A Brief History Of: Ponzi Schemes

His methods and motives remain cryptic, but the carnage unleashed by Bernard Madoff is beginning to be revealed: in a New York City federal court, where the former Nasdaq chairman stands accused of masterminding a $50 billion Ponzi scheme; in congressional hearings; and in the Manhattan office of a French financier who killed himself after Madoff bilked him and his clients out of more than $1 billion.
Ponzi Schemes--in which a swindler touts outsize returns, parries questions about legitimacy with hefty dividends and creates the illusion of solvency by paying off early investors with capital raised from later entrants--are named after Boston businessman Charles Ponzi. From 1919 to 1920, the Italian immigrant coaxed thousands of people into sinking millions of dollars into a complex deal involving international postage rates, which he said would earn a 50% profit in 90 days.

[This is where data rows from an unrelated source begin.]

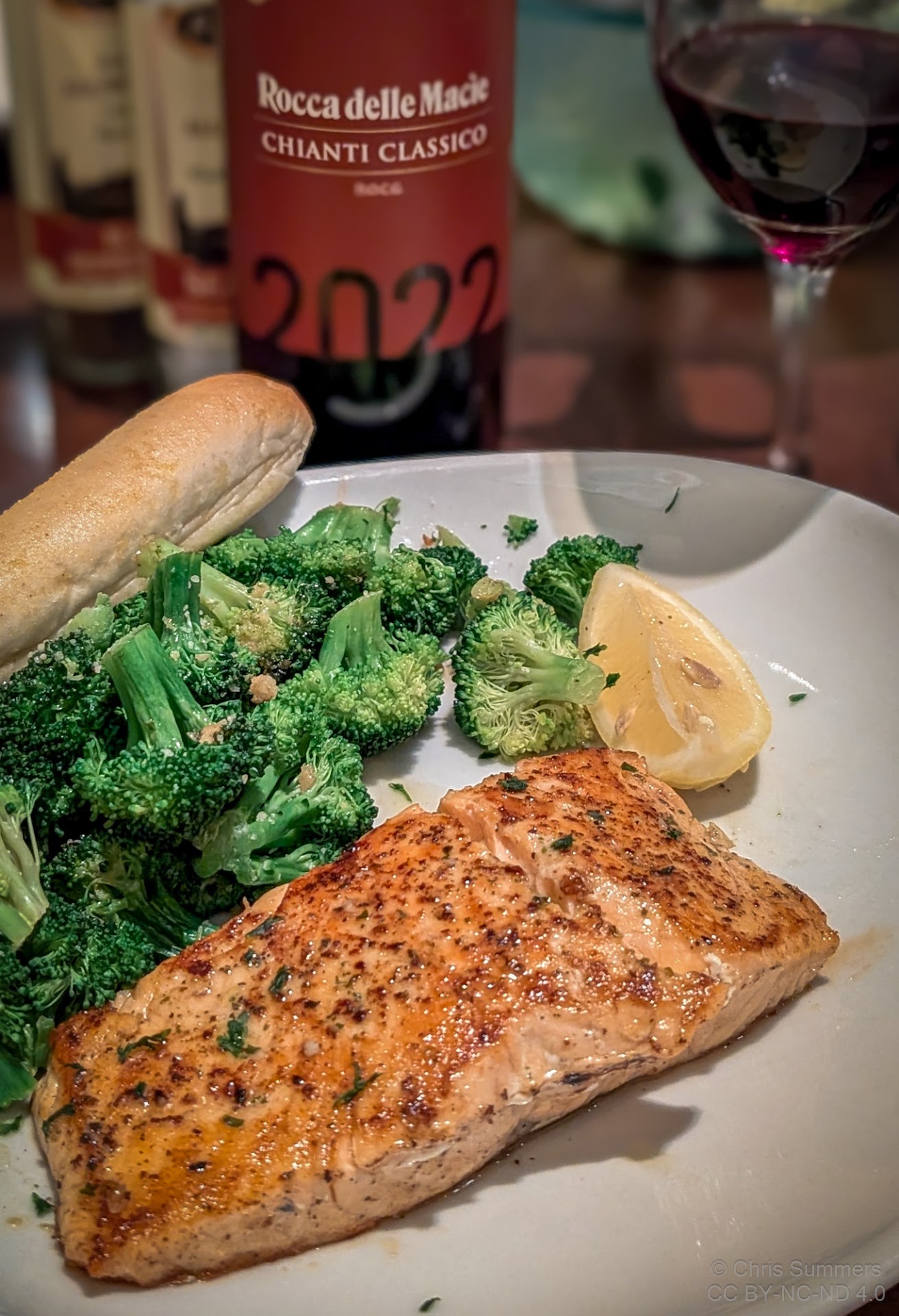 The entrees came, my wife had the meat tomato sauce over angel hair pasta and I had the grilled salmon and broccoli. It was all good, nice and hot and fresh.
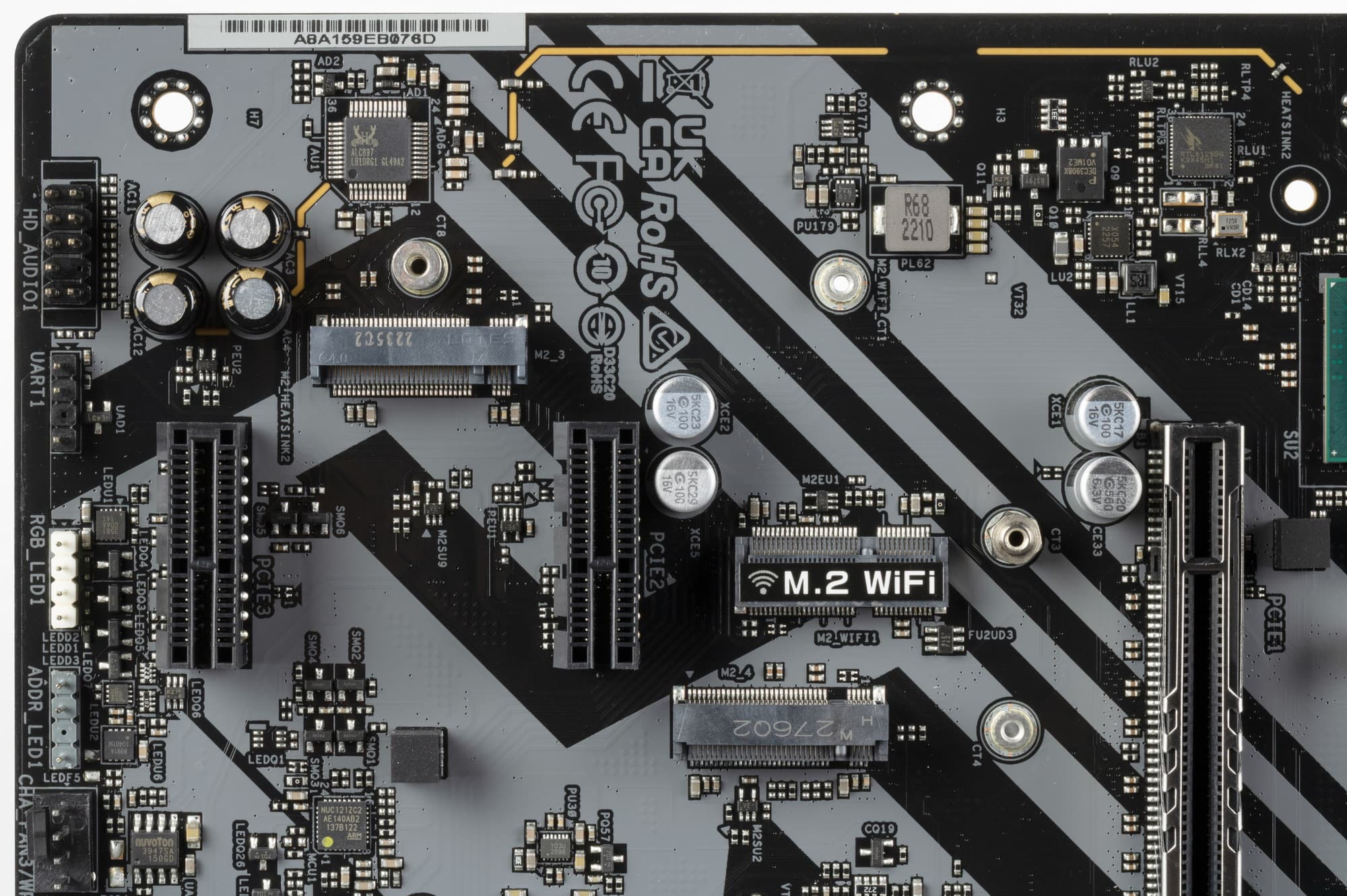 Слот М.2_4 поддерживает версию PCIe 3.0 и работает с модулями с любым интерфейсом, остальные слоты функционируют только с накопителями с PCIe интерфейсом. Слоты M.2_2, M.2_3, M.2_5 поддерживают версию PCIe 4.0, а M.2_1 – PCIe 5.0.
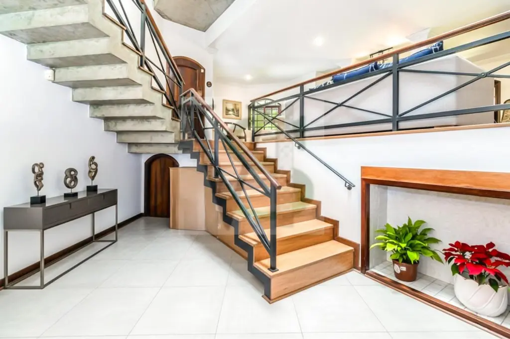 No pavimento íntimo, os quatro quartos, sendo duas suítes garantem privacidade e conforto máximo. A suíte master conta com closet, jardim de inverno e varanda com vista para a Serra da Cantareira, enquanto a segunda suíte oferece varanda privativa. As duas confortáveis suítes atendem familiares e convidados, todas equipadas com armários planejados. A área de serviço completa, a despensa, o escritório e o salão multiuso de 20 m² ideal para ginástica ou hobby agregam praticidade ao dia a dia. No subsolo, um loft aconchegante recebe visitantes, e a garagem abriga até oito veículos com portão eletrônico.
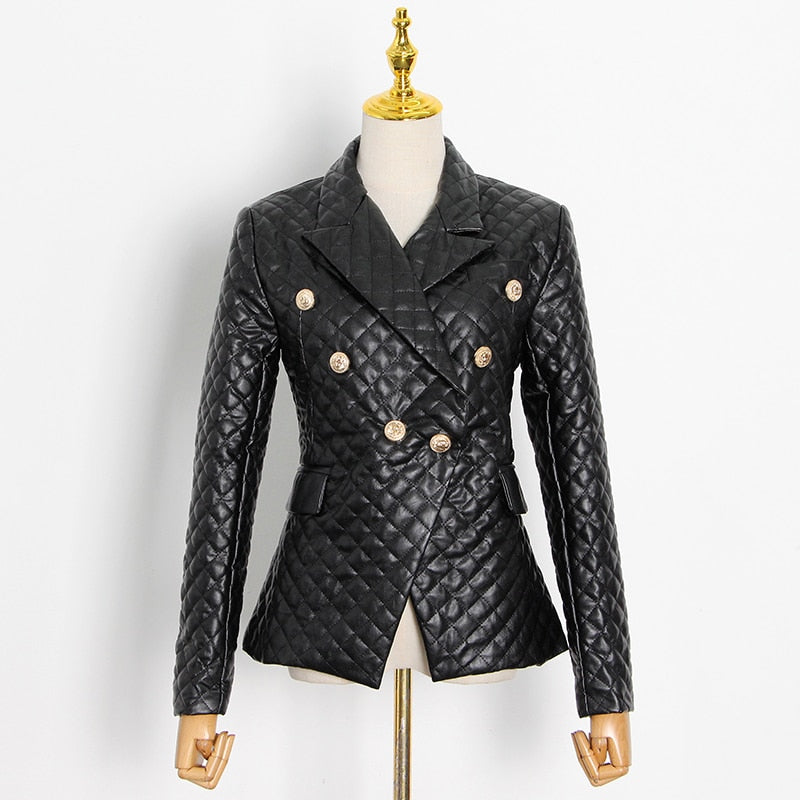 Americana con estampado de rombos con bolsillo, cierre de doble botonadura, tipo de tela Oxford y decoración con botones
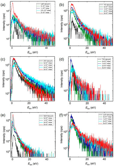Having identified the low kinetic energy range to be favourable for the formation of LaO+ at a high O2 background pressure, we next studied IEDs for a range of different MO+-ions (M = Zr, Y, Ti, Sc, Lu) with dissociation energies larger than 5.12 eV to confirm whether the plasma processes leading to the formation of these species were comparable. Figure 5 shows the IEDs of MO+ species selected from Figure 1 measured at different O2 pressures (ZrO+ = 7.76 eV, YO+ = 7.51 eV, TiO+ = 6.88 eV, ScO+ = 7.11 eV, and LuO = 6.89 eV) [21,39,40]. Irrespective of the element and pressure, all MO+ ions showed a maximum in the IED below 10 eV with an increase in the intensity of Ekin,max with increasing background pressure. This was the same pattern as observed for La+/LaO+, suggesting a preferential reaction between the background gas molecules and low energy ions. Typical for these MO+ binaries with Ediss > 5.12 eV were the pressure dependences shown in Figure 5a–d. Ekin,max was observed as shifting to smaller energies with increasing pressure, with a simultaneous increase in the number of species measured. Additionally, for a background pressure of a few 10−2 mbar, the IED developed a double peak structure, indicating a slowing-down of as-ablated, and, during the expansion, created MO species. The pressure dependence shown in Figure 5e,f was also frequently encountered, but the origin remains unclear at present. However, the increase in total area with increasing pressure was measurable with ~20% for LuO. As already discussed, the chemical reaction cross section decreased with increasing collision energies [8]. A possible scenario for the gas phase oxidation reaction during the plume expansion in O2 for other metal species was therefore analogous to La+:

Ponzi wasn't the scam's first practitioner; that was probably a New York City grifter named William Miller, who fleeced investors out of $1 million--more than $20 million in today's dollars--in 1899. The cons have since grown: a Florida church netted $500 million in a 1990s fraud that promised God would double the money of pious investors. Boy-band impresario Lou Pearlman, in addition to foisting 'N Sync on an unsuspecting public, stole $300 million from clients over two decades. And citizens poured some $1.2 billion into Albanian pyramid schemes after the fall of communism; when the schemes collapsed in 1997, investor outrage toppled the government. Still, Madoff's $50 billion scam would be the biggest ever--except to those who say the risky trading in mortgage-backed securities was a Ponzi scheme of its own. The price tag for that crisis is already in the hundreds of billions.